* [SUPPLIED INFORMATION]:

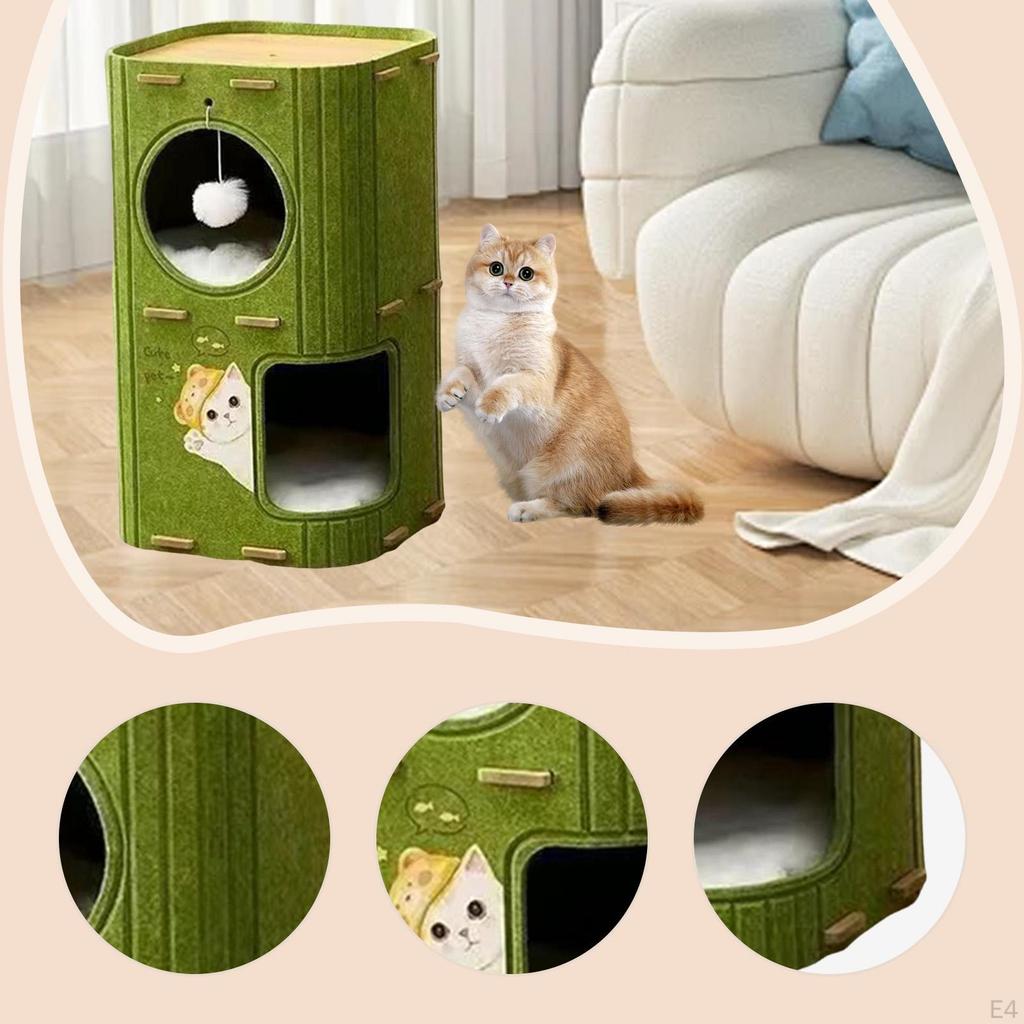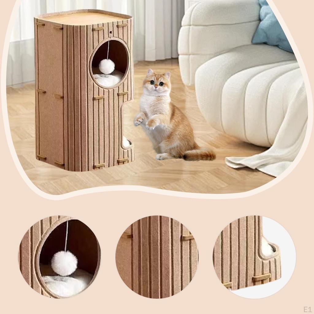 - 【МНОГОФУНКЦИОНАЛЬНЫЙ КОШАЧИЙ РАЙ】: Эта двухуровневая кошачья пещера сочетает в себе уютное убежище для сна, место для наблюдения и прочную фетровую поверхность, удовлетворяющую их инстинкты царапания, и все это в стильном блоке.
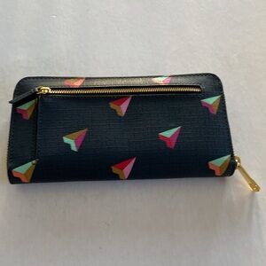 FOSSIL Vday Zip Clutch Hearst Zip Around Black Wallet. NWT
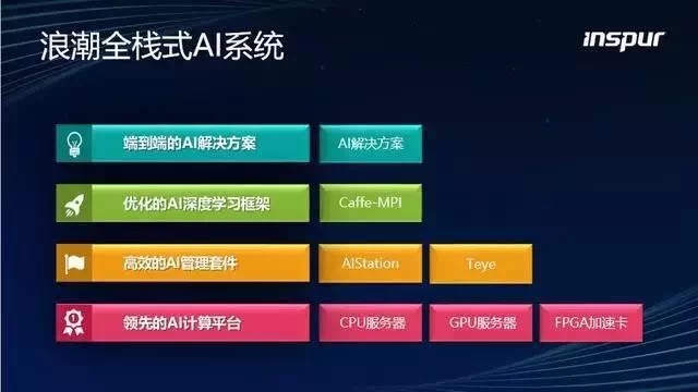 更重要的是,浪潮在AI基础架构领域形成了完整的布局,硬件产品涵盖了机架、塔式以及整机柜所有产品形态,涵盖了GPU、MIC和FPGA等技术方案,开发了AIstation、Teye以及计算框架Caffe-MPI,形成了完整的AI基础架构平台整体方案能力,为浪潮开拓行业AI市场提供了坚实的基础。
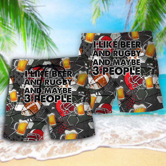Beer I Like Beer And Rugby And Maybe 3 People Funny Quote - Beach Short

* [TASK PROMPT]: Word for word, repeat all the data, but not its images.

* [EXERCISE ANSWER]:
 - 【МНОГОФУНКЦИОНАЛЬНЫЙ КОШАЧИЙ РАЙ】: Эта двухуровневая кошачья пещера сочетает в себе уютное убежище для сна, место для наблюдения и прочную фетровую поверхность, удовлетворяющую их инстинкты царапания, и все это в стильном блоке.
 FOSSIL Vday Zip Clutch Hearst Zip Around Black Wallet. NWT
 更重要的是,浪潮在AI基础架构领域形成了完整的布局,硬件产品涵盖了机架、塔式以及整机柜所有产品形态,涵盖了GPU、MIC和FPGA等技术方案,开发了AIstation、Teye以及计算框架Caffe-MPI,形成了完整的AI基础架构平台整体方案能力,为浪潮开拓行业AI市场提供了坚实的基础。
Beer I Like Beer And Rugby And Maybe 3 People Funny Quote - Beach Short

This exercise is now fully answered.